Memory Subsystem & Latency

Memory performance in server chips is absolutely crucial due to the sheer core count in the system. Amazon’s Graviton2 chip has the most modern memory capabilities of our test set thanks to 8 DDR4-3200 memory controllers, providing up to a theoretical 204GB/s peak bandwidth. What’s also important, is the SoC’s cache hierarchy and the latencies it’s able to access data at.

Looking at the linear latency graph results, let’s first focus on the DRAM region and see how the Graviton2 ends up relative to the competition.

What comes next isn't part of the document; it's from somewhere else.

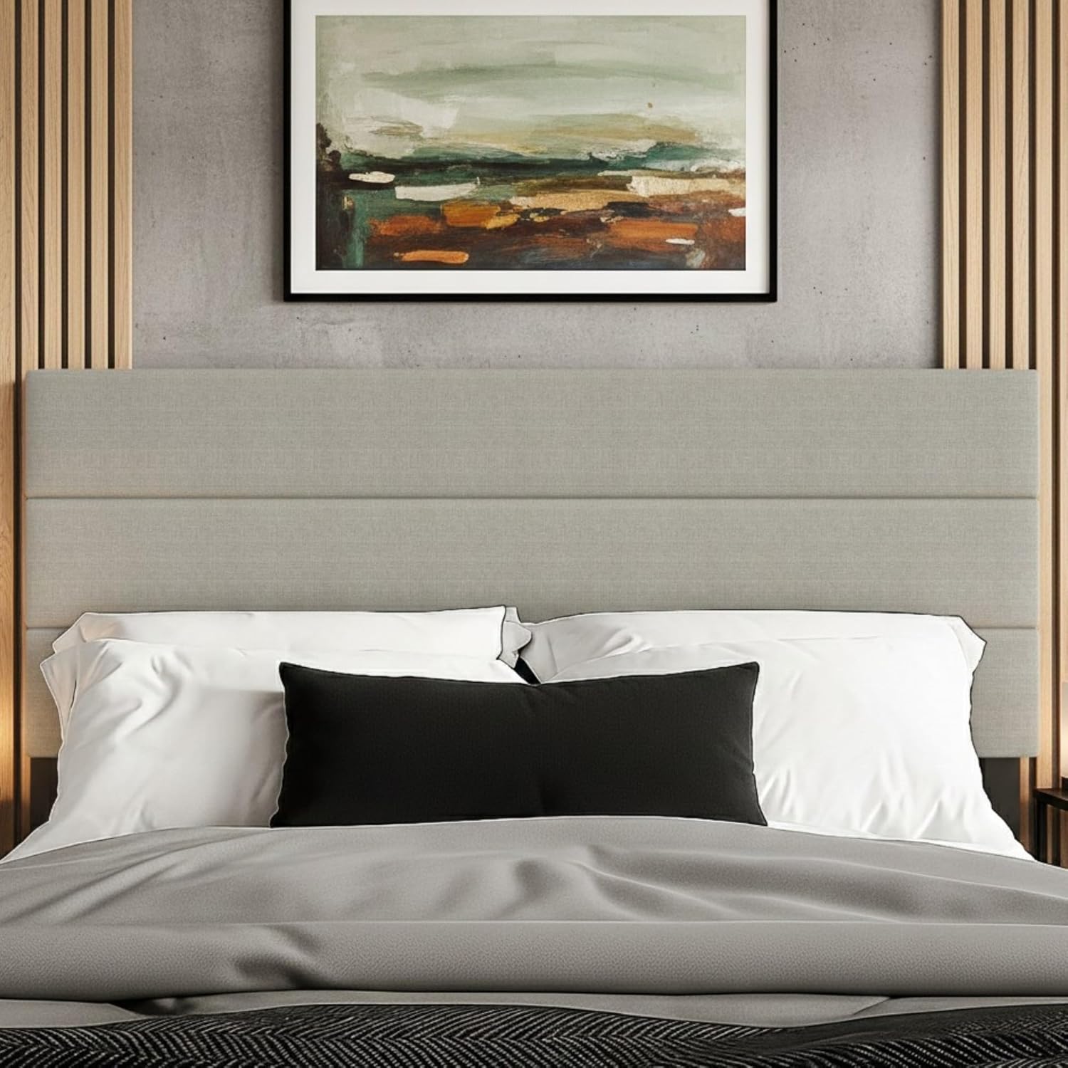 HOME DESIGN Etta Upholstered Panel Headboard brings a sleek and minimalist look to your bedroom with clean lines and subtle texture. Designed with horizontal channel tufting, this headboard adds a refined mid century modern touch that complements a variety of decor styles. Upholstered in durable polyester fabric and padded with foam, it provides comfortable support for reading or relaxing in bed. The panel design offers a streamlined appearance while maintaining everyday comfort and functionality. Compatible with standard bed frames featuring pre drilled holes, the Etta Headboard is easy to attach and install. Available in Gray and Warm Gray and offered in Twin, Full, Queen, and King sizes, this headboard delivers modern style and comfort for any bedroom.

Surprisingly enough, the Graviton2 does extremely well. Although the cache hierarchies between the designs are very different, when looking at an arbitrary 128MB memory depth, the three systems are near identical. We do see that the Graviton2’s full random latency increases at a higher rate the deeper into DRAM you compare it against the AMD and Intel systems. The structural memory latency between the Amazon and AMD chips are near identical, meaning the AMD system doing better further down in random accesses probably is due to better TLBs or page-table walkers.

Our measured 81ns structural estimate figure here almost directly matches up with Arm’s published 83ns figure from a year ago, further giving credence to Arm’s published figures from back then (Arm's figure was LMBench random using hugepages, we're accounting for TLB misses in our patterns with 4KB pages).

Turning to a logarithmical representation of the same data, we better see the difference in the cache hierarchy.

Compared to the AMD and Intel CPUs, we see the N1 cores’ advantage in the doubled 64KB L1D cache. Access latencies between the different cores should be 4 cycles, with the absolute figures in nanoseconds only differing due to the clock frequency differences between the cores.

The L2 cache of the Graviton2 falls in at 1MB and the access latency here is also competitive at 11 cycles. Arm gives the option between a 512KB 9 cycle or a 1MB 11 cycle configuration, and Amazon’s designers here chose the latter option. Halfway through the 1MB L2 cache we see the latencies of some access patterns increase, and this is due to the test exceeding the capacity of the L1 TLB which falls in at 48 pages (192KB coverage) for the N1 cores, also resulting in the big jump in the TLB miss penalty curve. AMD and Intel here go up to 64 pages and 256KB coverage. To be noted in these results is AMD’s prefetchers pulling into L2, whereas Arm and Intel cores only pull into L3 for more complex patterns.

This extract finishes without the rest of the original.